I have a publicly-viewable Google Docs spreadsheet here.
This spreadsheet is basically a list of every APK present in /system/app on the SGH-T869_TMB_T869UVLG7_T869TMBLG7 firmware, which appears to be the most recent ICS firmware for the USA T-Mobile version. I have backed up all files to an account I set up on Android File Host, and begun the process of linking them into the spreadsheet for easier reference.

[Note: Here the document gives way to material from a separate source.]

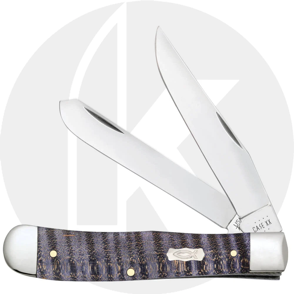 The 80540 Case Purple Curly Maple (7254SS) Trapper Knife features mirror polished clip and spey blades made of Tru-Sharp Surgical Steel with nail nicks for opening. The genuine Purple Curly Maple Wood handle, 4 1/8 inches closed, has the Ichthus Shield and nickel silver bolsters. The Case Trapper Knife weighs 4.0 ounces. Made in the USA.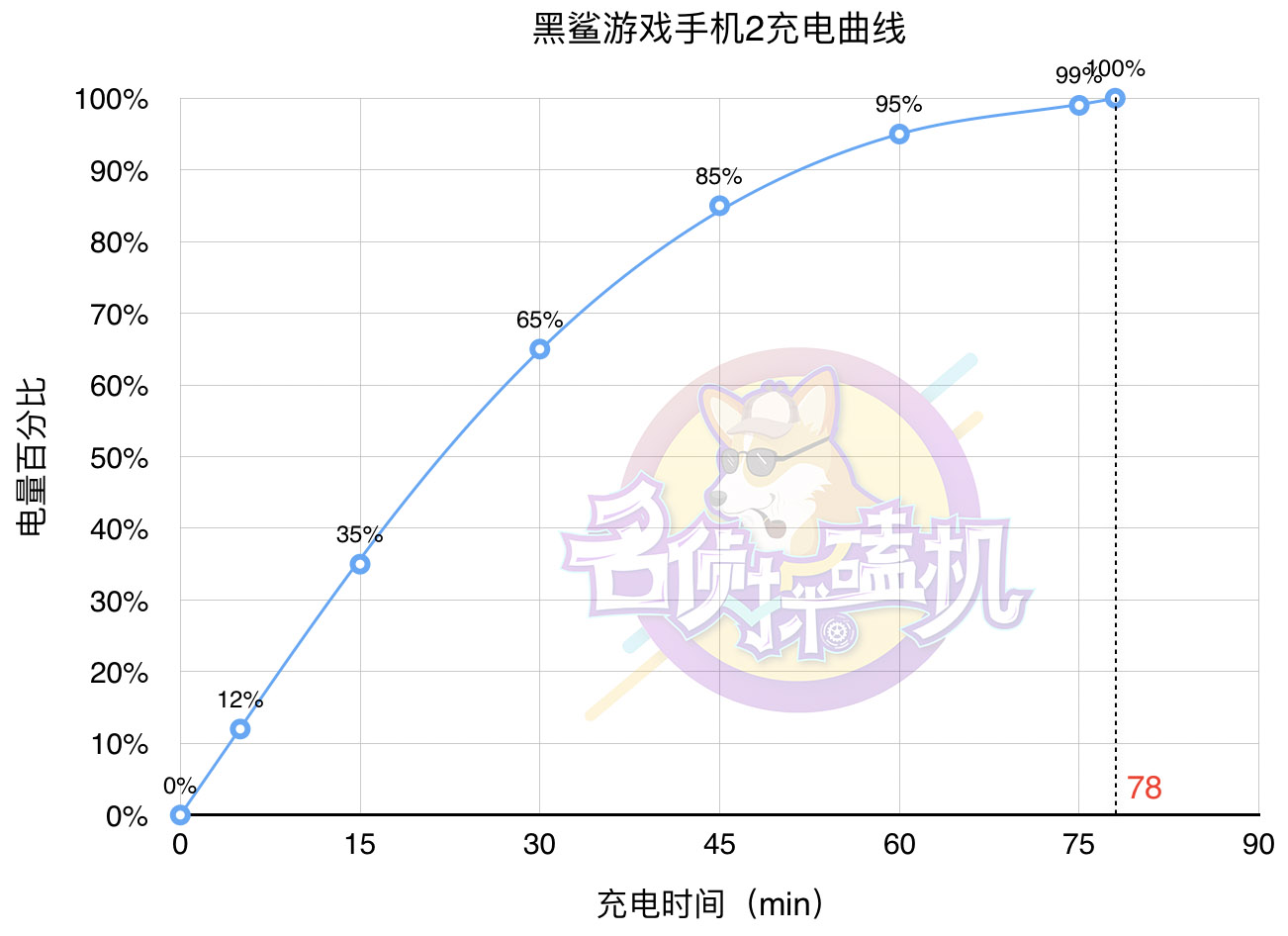 而在充電方面,黑鯊手機2標配了27W有線快充,由于手機為電池部件增加了液冷散熱,所以在邊玩邊充時,可以有效降低電池的溫升。使用原裝充電器為手機充電,實測半小時充電65%,0-100%充電僅需要78分鐘。

As of now the following items are basically a mystery:
-ClipboardSaveService.apk
-CSC.apk
-DSMForwarding.apk
-DSMLawmo.apk
-FTC.apk
-FTM.apk
-FTS.apk
-Keychain.apk
-MobileTrackerEngineTwo.apk
-OmaCP.apk
-OmaDrmPopup.apk
-PanningTryActually.apk
-PCWClientS.apk
-Personalization.apk
-Phone_Util.apk
-PopupuiReceiver.apk
-PRUI.apk
-SecOmaDownloadProvider.apk
-etc
The intent with this document is to serve as a reference for people working with the "stock" Samsung firmware.
If you have any info you'd like to contribute, post to this thread or PM me
Also, I'll need "alpha" testers of my ROM in probably a week.
My initial release is planned to be simply a fully "optimized" copy of the stock ROM, with about 400MB of stock bloat removed, all remaining system apps deodexed and zipaligned, su and SuperSu, and probably some minor aesthetic mods added (1% battery and a themed notification bar).
The primary goal is to produce a nice stock-based ROM for the T869 (which doesn't have a lot of ROM options at present) and also to give the community a nicely documented guide on what I did, which may prove helpful to other would-be ROM makers.

a lot of these are 0MB or 0kb in size, or very small... eg.100kb or so.
You could always decompile these apks, would help you figure it out.
CSC.apk is Customer Service Configuration, or Country Code eg. KOR, XME, EUR
MobileTrackerEngineTwo is reponsible for tracking the device.. Samsung Dive, etc.. I believe.
Panningtryactually.apk involves tilting the device to scroll, etc. this .apk is just for thatwith pop up messages, etc.
Personalization.apk is directly related to CSC. This is the apk that will let you change your CSC I believe.
clipboard save service is obvious, I would keep that.
The others Im sure we could figure out.
I disabled a lot of stock apks and removed readers hub, and my device is pretty fluid as it is.

Awesome, thank you for the information!
I was planning on adding a column for file size into the spreadsheet next, so that bit should become obvious.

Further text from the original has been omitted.